- [Problem]: Go through the entries below and copy each line containing the word "Step".

- [Records for the exercise]:
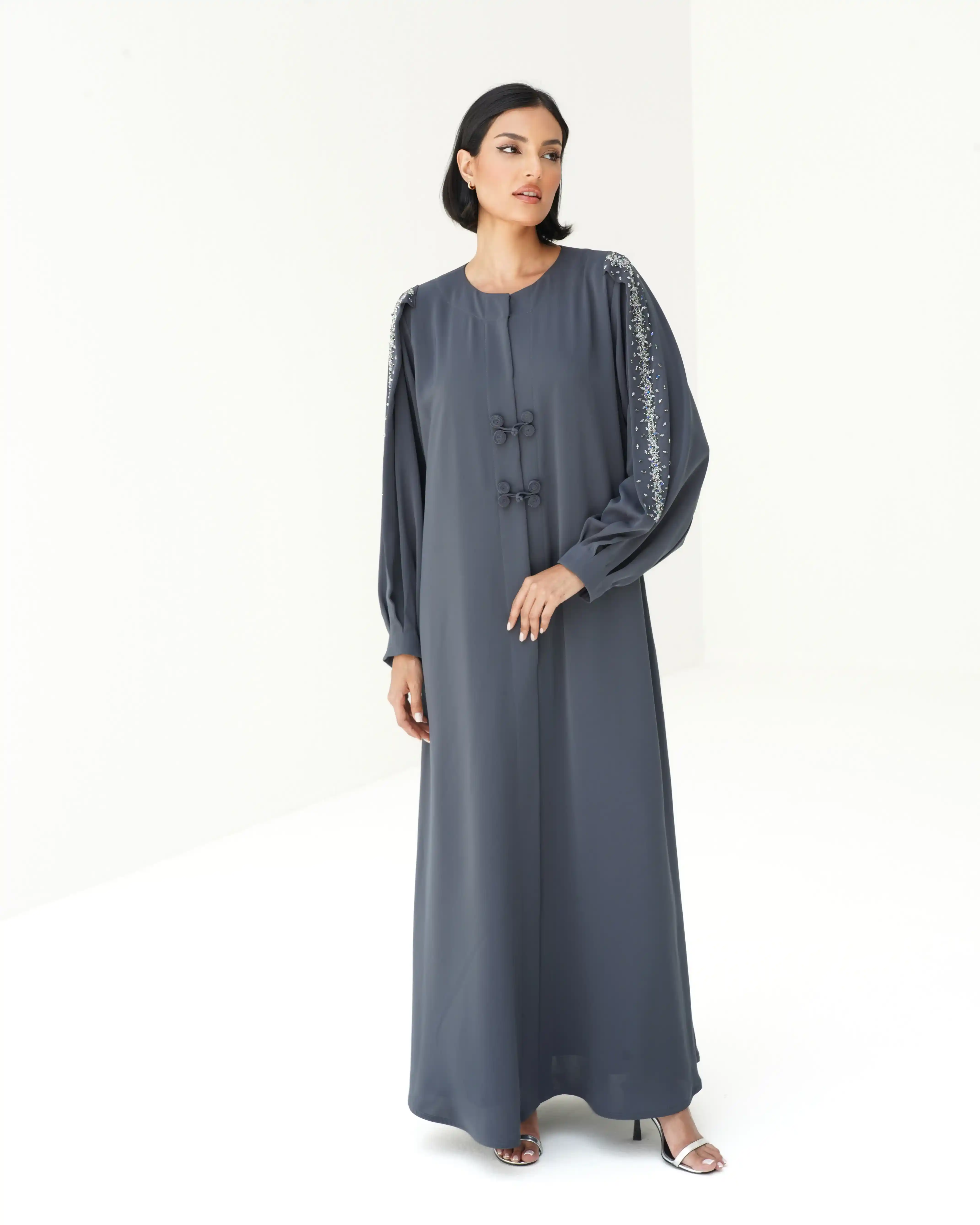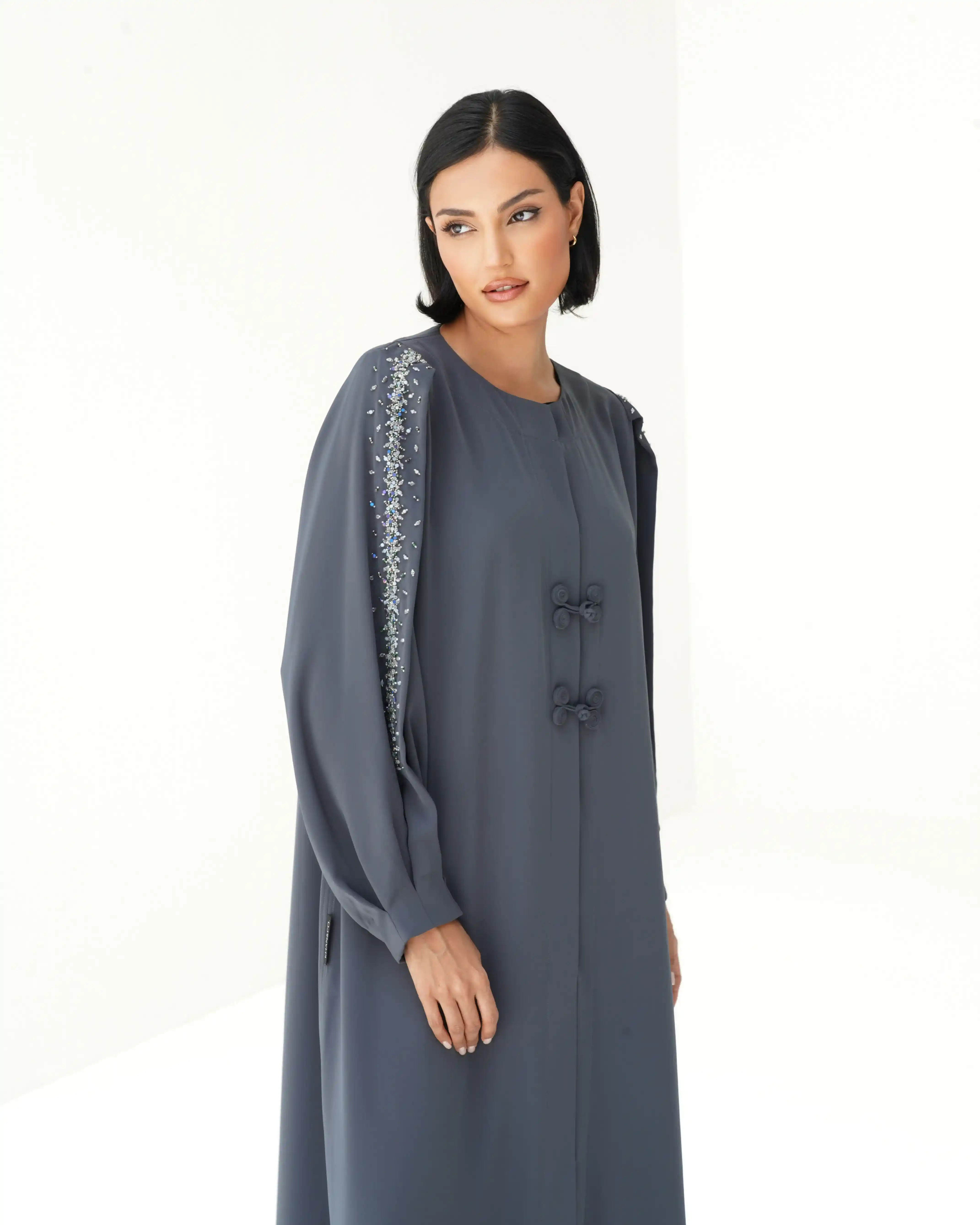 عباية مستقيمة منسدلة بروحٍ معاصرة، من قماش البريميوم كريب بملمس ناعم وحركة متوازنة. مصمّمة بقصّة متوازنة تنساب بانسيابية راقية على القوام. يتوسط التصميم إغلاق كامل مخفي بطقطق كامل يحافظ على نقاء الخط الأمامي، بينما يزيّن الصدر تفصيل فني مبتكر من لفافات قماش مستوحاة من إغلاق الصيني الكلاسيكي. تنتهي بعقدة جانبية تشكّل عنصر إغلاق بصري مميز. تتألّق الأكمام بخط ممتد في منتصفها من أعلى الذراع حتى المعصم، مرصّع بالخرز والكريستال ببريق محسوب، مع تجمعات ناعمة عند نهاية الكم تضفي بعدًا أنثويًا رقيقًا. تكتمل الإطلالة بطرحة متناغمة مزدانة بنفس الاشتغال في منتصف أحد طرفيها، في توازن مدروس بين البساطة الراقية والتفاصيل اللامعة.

==

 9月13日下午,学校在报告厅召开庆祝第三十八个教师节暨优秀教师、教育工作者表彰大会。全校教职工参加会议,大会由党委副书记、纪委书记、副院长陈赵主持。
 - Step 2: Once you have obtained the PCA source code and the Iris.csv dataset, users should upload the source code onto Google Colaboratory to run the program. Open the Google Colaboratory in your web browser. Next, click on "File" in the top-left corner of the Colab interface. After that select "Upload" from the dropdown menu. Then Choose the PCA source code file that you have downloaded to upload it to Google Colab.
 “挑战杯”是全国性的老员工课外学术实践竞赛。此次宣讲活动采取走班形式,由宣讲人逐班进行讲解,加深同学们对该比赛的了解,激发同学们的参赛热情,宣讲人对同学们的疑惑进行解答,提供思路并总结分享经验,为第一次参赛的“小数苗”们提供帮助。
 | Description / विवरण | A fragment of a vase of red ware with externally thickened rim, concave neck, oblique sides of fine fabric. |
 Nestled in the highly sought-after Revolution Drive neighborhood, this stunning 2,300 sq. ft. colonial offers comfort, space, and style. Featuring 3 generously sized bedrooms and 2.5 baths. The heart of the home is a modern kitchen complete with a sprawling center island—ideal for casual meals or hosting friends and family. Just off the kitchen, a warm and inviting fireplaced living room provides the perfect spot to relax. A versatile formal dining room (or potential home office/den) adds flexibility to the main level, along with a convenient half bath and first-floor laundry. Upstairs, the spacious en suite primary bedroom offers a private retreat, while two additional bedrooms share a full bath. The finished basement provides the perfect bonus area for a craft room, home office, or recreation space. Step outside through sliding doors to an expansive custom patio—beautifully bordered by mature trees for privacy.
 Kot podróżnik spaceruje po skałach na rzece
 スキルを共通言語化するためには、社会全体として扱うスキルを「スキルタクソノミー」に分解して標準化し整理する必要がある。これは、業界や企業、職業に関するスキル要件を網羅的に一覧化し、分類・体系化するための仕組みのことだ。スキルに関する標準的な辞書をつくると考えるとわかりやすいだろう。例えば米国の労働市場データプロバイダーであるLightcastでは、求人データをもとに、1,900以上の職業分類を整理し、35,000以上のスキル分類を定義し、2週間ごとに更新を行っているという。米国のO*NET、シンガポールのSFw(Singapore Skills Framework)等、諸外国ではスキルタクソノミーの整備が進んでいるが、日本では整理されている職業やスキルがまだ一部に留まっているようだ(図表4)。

- [Solution]:
 - Step 2: Once you have obtained the PCA source code and the Iris.csv dataset, users should upload the source code onto Google Colaboratory to run the program. Open the Google Colaboratory in your web browser. Next, click on "File" in the top-left corner of the Colab interface. After that select "Upload" from the dropdown menu. Then Choose the PCA source code file that you have downloaded to upload it to Google Colab.
 Nestled in the highly sought-after Revolution Drive neighborhood, this stunning 2,300 sq. ft. colonial offers comfort, space, and style. Featuring 3 generously sized bedrooms and 2.5 baths. The heart of the home is a modern kitchen complete with a sprawling center island—ideal for casual meals or hosting friends and family. Just off the kitchen, a warm and inviting fireplaced living room provides the perfect spot to relax. A versatile formal dining room (or potential home office/den) adds flexibility to the main level, along with a convenient half bath and first-floor laundry. Upstairs, the spacious en suite primary bedroom offers a private retreat, while two additional bedrooms share a full bath. The finished basement provides the perfect bonus area for a craft room, home office, or recreation space. Step outside through sliding doors to an expansive custom patio—beautifully bordered by mature trees for privacy.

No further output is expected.